Она была безмерно счастлива: счастлива потому, что гордилась отцом и собой, счастлива тем, что люди любят ее и она сама зарабатывает свой хлеб.
Счастье ее было такое спокойное, ясное, уравновешенное. Спокойствие светилось в ее взгляде, слышалось в скупых словах, произнесенных мальчишеским голосом. Ее ладони и пальцы были вечно измазаны тушью, и я так любил эти пятна... А я тогда был тщеславным и фатоватым юнцом, полным напускной самоуверенности. Эта девушка как-то сбивала меня с толку. "Хочет быть бесполым существом", - думал я и с какой-то злостью вбил себе в голову, что покорю ее как женщину. Мне казалось, что тем самым я возьму над ней верх. Видимо, мне стало стыдно за себя, за свое ничтожество и праздность, и потому только мне хотелось насладиться триумфом мужчины-завоевателя. Поймите, так я объясняю это себе сейчас, а тогда была лишь любовь, лишь влечение, лишь неодолимое желание склониться над ней и вырвать у нее признание в любви".
Он задумался и помолчал немного.
"- А теперь, сестра, я перехожу к тому, о чем мне очень трудно говорить, но пусть будет высказано все! Это не была первая моя любовь, когда, - судите, как вам угодно, - все происходит почти непроизвольно и неотвратимо. Я хотел завоевать девушку и пробовал всякие средства, которые бросили бы ее в мои объятия. Стыдно вспомнить, какими нелепыми, грубыми и беспомощными казались все известные мне светские фортели против своеобразной, самобытной, почти суровой прямоты этой чистой, целомудренной девушки. Я видел, что она выше всего этого и выше меня, что она сделана из более благородного материала, чем я, но я уже не мог отступить. Странное существо человек, сестра! Я упивался мучительными и мерзкими мечтами о том, как с помощью обмана, гипноза, наркотиков или еще чего-нибудь подло овладею девушкой, оскверню ее... знаете, как оскверняют храм. Я ничего не скрываю от вас, сестра, ничего. Я казался себе исчадием ада.
И пока я унижал ее в своей душе, она меня полюбила!

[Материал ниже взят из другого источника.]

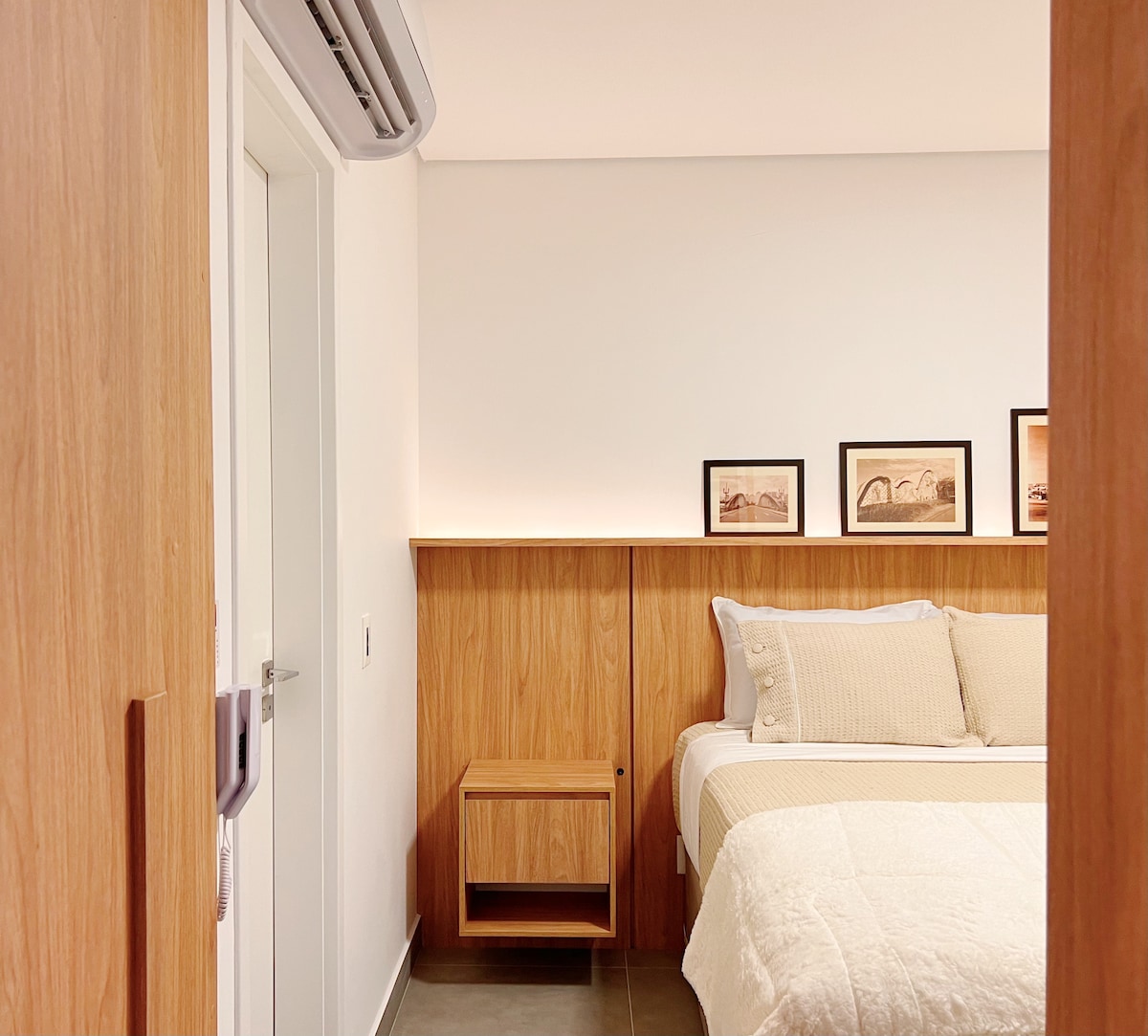- Flat dentro de Apart Hotel/Residence com uma vaga - Limpeza diária (serviço não inclui lavagem de louça) - Wi-Fi gratuito - TV a cabo - Ar condicionado - 1 Cama de casal Queen com box - Roupas de cama e banho inclusas - troca semanal para permanências superiores a 7 dias (contribuindo com o meio-ambiente, não fazemos trocas diárias) - Copa equipada com frigobar, micro-ondas, cafeteira e utensílios (pratos, copos, talheres) - Secador de cabelos - Ferro de passar portátil - Papel higiênico

Да, полюбила и однажды отдала мне свою любовь так же просто, как растение отдает созревший плод. Все вышло иначе, совсем иначе, чем представлялось моему распаленному воображению. И знаете, я был тогда неловок, как юноша, еще не знавший женщины..."
При этих словах он закрыл лицо руками и замер.
"- Да, я скот, - продолжал он, - и заслуживаю всего, что потом произошло со мной... Я наклонился над ней, - она лежала, прикрыв глаза, - и старался насладиться воображаемым триумфом. Мне хотелось, чтобы из глаз ее брызнули слезы, чтобы от отчаяния и стыда она закрыла лицо руками. Но лицо девушки было спокойно и ясно, она дышала ровно, будто спала. Мне стало не по себе, я прикрыл ее и отошел к окну, разжигая в душе бесовскую гордыню.
А когда я обернулся, она смотрела на меня открытым, ясным взором, улыбнулась и сказала: "Ну вот, теперь я твоя!"
Я перепугался, да, перепугался, изумленный и униженный, а она вся светилась нежностью, уверенностью, чистотой... не знаю даже, как это назвать.
Очень просто: я твоя, и все тут. Так случилось - мы вместе, и ничего нельзя поделать. Как легко и просто, какое несомненное и великое решение. Да, все решено, все теперь вернее верного, все ясно до конца: умненькая девчушка ' высказала это уверенно, без колебаний. "Теперь я твоя". Подумайте, как она горда, как довольна, что открыла в себе эту благословенную, живую, верную и надежную правду.
Глаза ее еще широко раскрыты от изумления необыкновенным, ошеломляющим открытием, а сама она уже проникается великим спокойствием незыблемого решения. Мелкие черты лица, несколько секунд назад искаженные смятением и болью, теперь приняли новое, определенное выражение, я бы сказал - выражение человека, который обрел самого себя. "Да, теперь я знаю, кто я такая: я твоя, и то, что случилось, правильно, таков порядок вещей." Словно улеглась зыбь, успокоилась водная гладь и стала прозрачной до самого дна.
Я ничего не скрываю от вас, сестра. Если бы она закрывала лицо руками, сотрясаясь от рыданий, если бы в глазах ее был упрек: "Нехороший, что ты со мной сделал!" - я ощутил бы торжество победы.